**Prompt:** Write out, without any change, the lines in the material below that run from the line with "Het perceel waarop" through the line with "(タウンニュース 多摩区・麻生区版) |", both included.

**Provided information:**

════════════════════

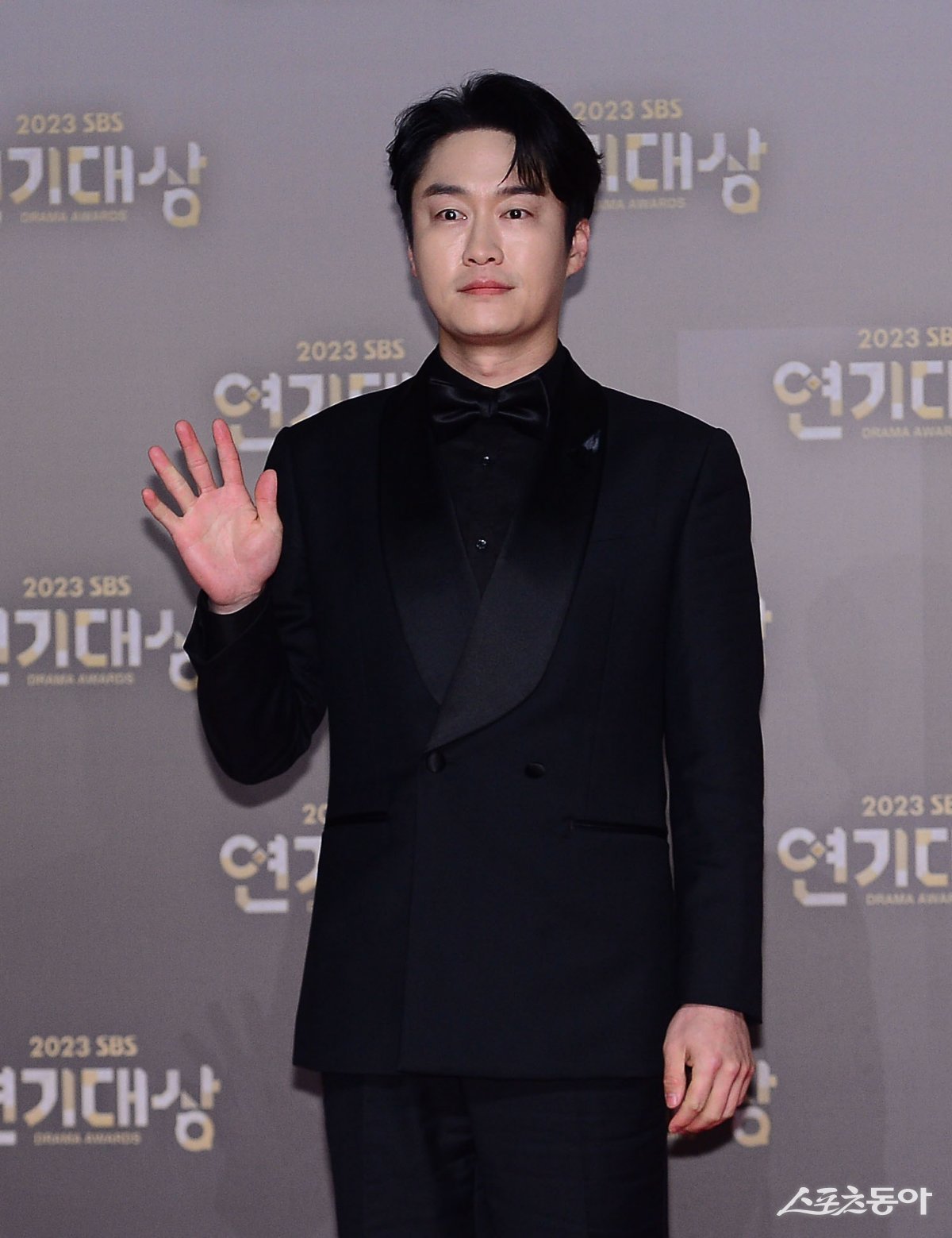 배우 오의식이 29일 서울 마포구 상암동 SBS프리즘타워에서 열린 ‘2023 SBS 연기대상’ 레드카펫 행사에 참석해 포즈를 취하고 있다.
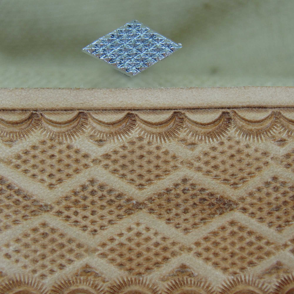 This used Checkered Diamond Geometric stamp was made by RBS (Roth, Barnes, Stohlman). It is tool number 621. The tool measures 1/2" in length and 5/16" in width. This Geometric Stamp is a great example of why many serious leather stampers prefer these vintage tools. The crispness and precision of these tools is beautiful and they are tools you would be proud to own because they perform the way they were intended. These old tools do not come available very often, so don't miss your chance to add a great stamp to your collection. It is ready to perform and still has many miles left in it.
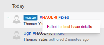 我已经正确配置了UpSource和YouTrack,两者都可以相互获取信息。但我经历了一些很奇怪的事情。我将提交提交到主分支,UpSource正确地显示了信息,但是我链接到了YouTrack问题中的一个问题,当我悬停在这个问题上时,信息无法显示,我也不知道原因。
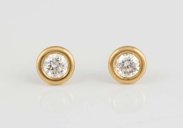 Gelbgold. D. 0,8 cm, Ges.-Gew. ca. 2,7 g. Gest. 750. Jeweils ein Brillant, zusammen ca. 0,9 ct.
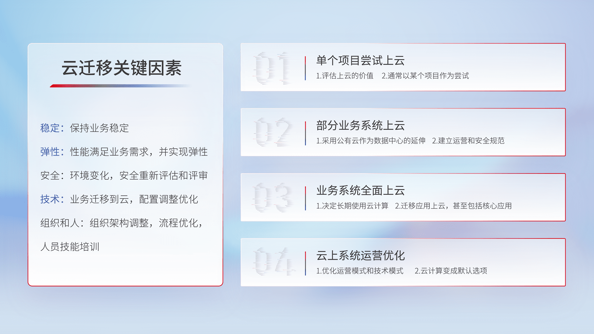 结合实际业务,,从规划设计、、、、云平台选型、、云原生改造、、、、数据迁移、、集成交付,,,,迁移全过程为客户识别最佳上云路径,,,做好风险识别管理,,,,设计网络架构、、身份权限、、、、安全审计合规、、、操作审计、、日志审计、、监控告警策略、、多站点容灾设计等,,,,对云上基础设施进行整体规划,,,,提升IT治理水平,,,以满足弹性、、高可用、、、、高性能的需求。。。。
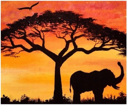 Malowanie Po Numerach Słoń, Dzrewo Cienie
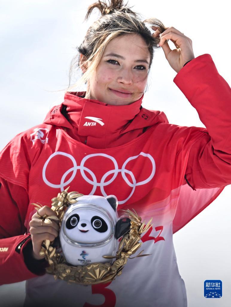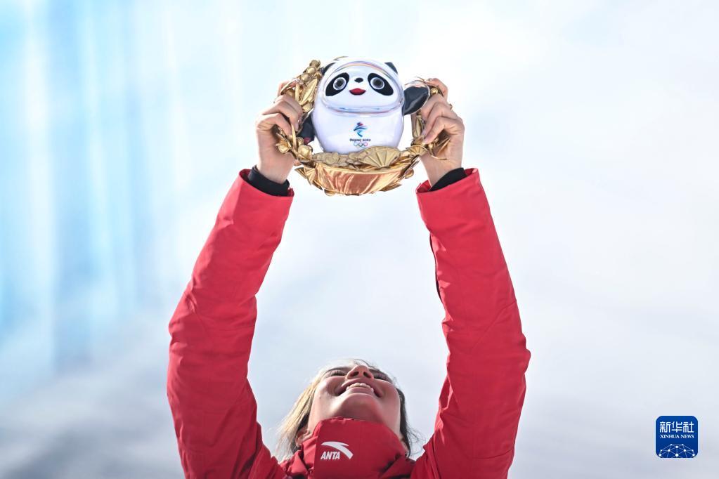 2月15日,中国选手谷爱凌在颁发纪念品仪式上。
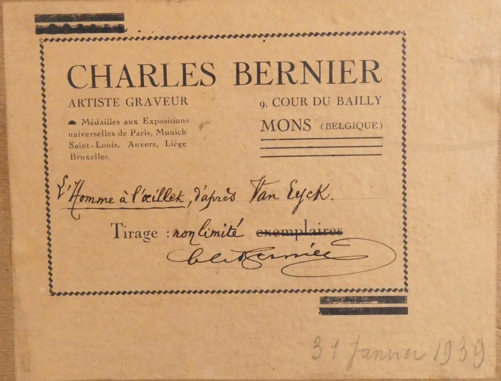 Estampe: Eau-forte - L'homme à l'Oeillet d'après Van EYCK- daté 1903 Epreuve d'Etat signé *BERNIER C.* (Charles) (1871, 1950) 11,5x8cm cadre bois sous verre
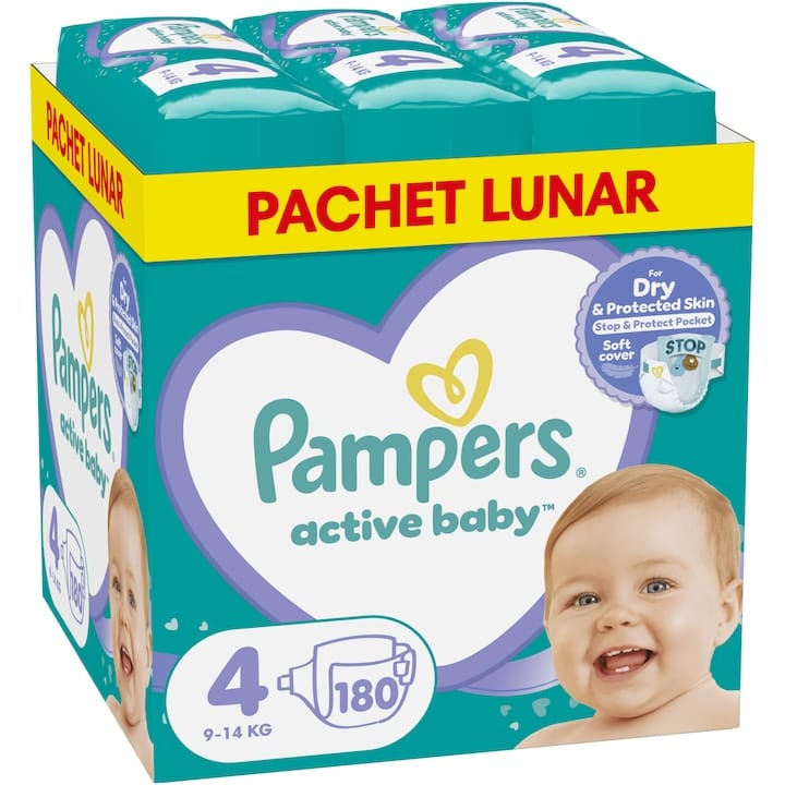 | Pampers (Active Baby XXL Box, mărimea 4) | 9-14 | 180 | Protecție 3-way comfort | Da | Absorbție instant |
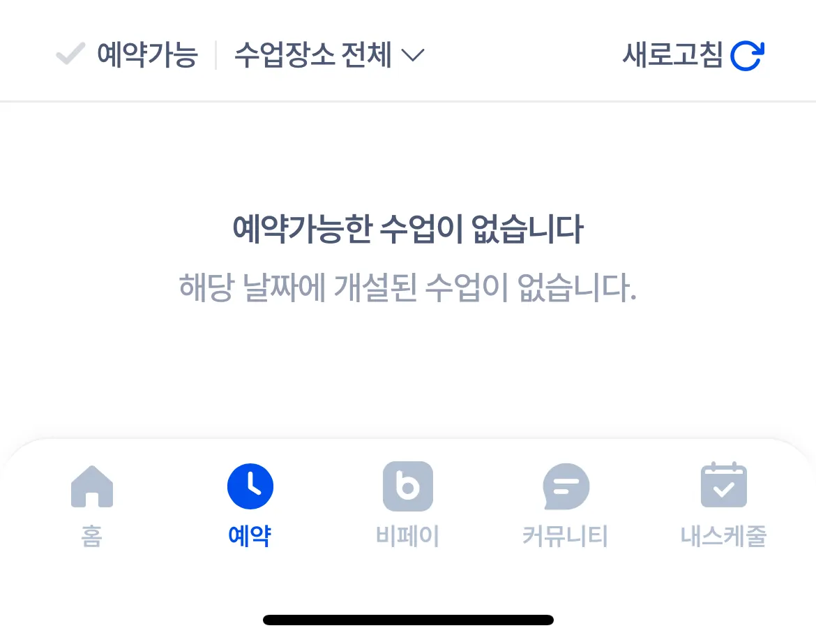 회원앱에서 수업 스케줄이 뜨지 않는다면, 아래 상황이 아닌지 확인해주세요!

════════════════════

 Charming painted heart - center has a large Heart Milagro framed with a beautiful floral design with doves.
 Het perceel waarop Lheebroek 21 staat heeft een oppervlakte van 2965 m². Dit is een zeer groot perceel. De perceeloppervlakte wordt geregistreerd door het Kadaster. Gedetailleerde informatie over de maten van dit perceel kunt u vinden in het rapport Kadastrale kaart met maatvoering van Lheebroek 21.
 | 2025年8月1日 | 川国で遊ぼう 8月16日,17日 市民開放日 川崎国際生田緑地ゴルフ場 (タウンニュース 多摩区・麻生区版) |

════════════════════

**Your solution:**
 Het perceel waarop Lheebroek 21 staat heeft een oppervlakte van 2965 m². Dit is een zeer groot perceel. De perceeloppervlakte wordt geregistreerd door het Kadaster. Gedetailleerde informatie over de maten van dit perceel kunt u vinden in het rapport Kadastrale kaart met maatvoering van Lheebroek 21.
 | 2025年8月1日 | 川国で遊ぼう 8月16日,17日 市民開放日 川崎国際生田緑地ゴルフ場 (タウンニュース 多摩区・麻生区版) |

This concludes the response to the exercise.